"Recipes are meant to be shared"...Ann Thibeault

Tuesday, February 11, 2014

Sourdough Bagels


These bagels are Moe's favourite.



Using my regular bagel recipe, I turned them into
Sourdough Bagels.


Gave Moe the option of a Prime Rib dinner or
bagels with smoked salmon and cream cheese.

The bagels won.


Bagels are easy to make.
Check out my

Bagels
======
Source: Hors d'oeuvres Cook Book.

 I have typed it exactly how the recipe is printed in the book.
If you have a bread machine or kitchenaide by all means use it to do most of the kneading.
I always like to finish the kneading by hand. You can also make these in to normal size bagels.
I have used this recipe for over 20 years. I have tried other recipes but this is my favourite one.
I also make a Sourdough version of this recipe.


2 cups warm water
2 packages active dry yeast
3 tablespoons sugar
1 tablespoon salt
about 5 3/4 cups all-purpose flour, unsifted
3 quarts water with 1 tablespoon of sugar
Cornmeal
1 egg yolk beaten with 1 tablespoon water
about 2 tablespoons poppy or sesame seeds.

.
Stir together water and yeast in large bowl of electric mixer; let
stand 5 minutes to soften yeast. Stir in the Sugar and Salt.  Gradually
mix in 4 cups of the flour and beat at medium speed for 5 minutes. With
a spoon, stir in about 1 1/4 cups more flour to make a stiff dough.

turn out on a floured board and knead until smooth, elastic, and no
longer sticky, (about 15 minutes); add more flour as needed to prevent
sticking - dough should be firmer than for most other yeast breads.
Place in a greased bowl, cover, and let rise in a warm place until
almost doubled ( about 40 minutes to 1 hour).

Punch dough down and divide into thirds. Set 2/3 of dough aside on a
floured board; cover with clear plastic. form remaining 1/3 dough in a
log and cut into 16 equal pieces.

to shape, knead each piece into small ball and poke thumbs through
centre. With one thumb in hole (hole should be at least 1/2 inch) work
fingers around perimeter, shaping ball into a small donut like shape
about 1 1/2 inches in diameter. Place bagels on a floured board or tray
and let stand 20 minutes.

Bring water-sugar mixture to a boil in a 4 to 5 quart pan; adjust heat
to keep it boiling gently. Lightly grease a baking sheet and sprinkle
with cornmeal. Lift bagels carefully and drop into water (about 6 at a
dtime) boil gently for 1 minute turning only once (30 seconds each
side). Lift out with slotted spoon and drain very briefly on paper
towels, and place on baking sheet. Brush with 1/3 of the egg yolk
glaze, sprinkle with seeds and bake in a 400° oven for 20 minutes or
until richly browned. cool on racks.

Repeat with remaining 2/3 dough (you may need to punch it down before
shaping,) working with 1/3 at a time. Makes 48 cocktail size bagels.

Sourdough Option
Make a biga using sourdough starter
2 ounces of starter
1 1/2 cups flour
1 cup water

Mix together, cover and leave on the counter to develop overnight.
Add Biga to above recipe using only 1 1/2 teaspoons of yeast.
Reduce flour by 1 cup.


Notes:

Here is what I did to make Onion Cheese Bagels:


I sauted some onions in butter just until tender. Not brown.

After the dough had risen, I divided it into three parts. I took one of
the parts, flatten it out and topped with some of the onions and some
grated three year old white cheddar.

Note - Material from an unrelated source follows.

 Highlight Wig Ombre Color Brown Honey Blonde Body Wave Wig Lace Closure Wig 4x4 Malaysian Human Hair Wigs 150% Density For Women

Then I formed a log and divided it
into 6 parts. Then I just proceeded to make 6 bagels and let them rise
for about 20 minutes. After they were boiled I brushed them with the
oil that the onions were cooked in and then topped them with some of
the onions. The onions got a little more brown then I would have liked
so next time I would wait until half way through baking before adding
the onions. I sprinkled some grated cheddar on top about 5 minutes
before they were finished baking.

6 comments:

  1. These look fabulous (as your food and photos always do!) I can vouch for your bagel recipe, it is by FAR the best I've ever made. I think it's time to make them again!

    Thanks for always sharing your wonderful recipes. ~m

    ReplyDelete
  2. Since Bev is not a bagel fan, none likely to be made at our place but I would love to bite into yours just the way you topped them.

    ReplyDelete
  3. Omg - I would eat a plateful of those bagels, especially the ones prettied up with the smoked salmon and accoutrement! I'll take an order to go, please! :-)

    Lori
    xoxo

    ReplyDelete
  4. I've always been frightened of making bagels...maybe I'll try!

    ReplyDelete
  5. Oh Ann..I love bagels..
    I want one:-)

    ReplyDelete
    Replies
    1. Monique, at least where you live you have access to the best bagels.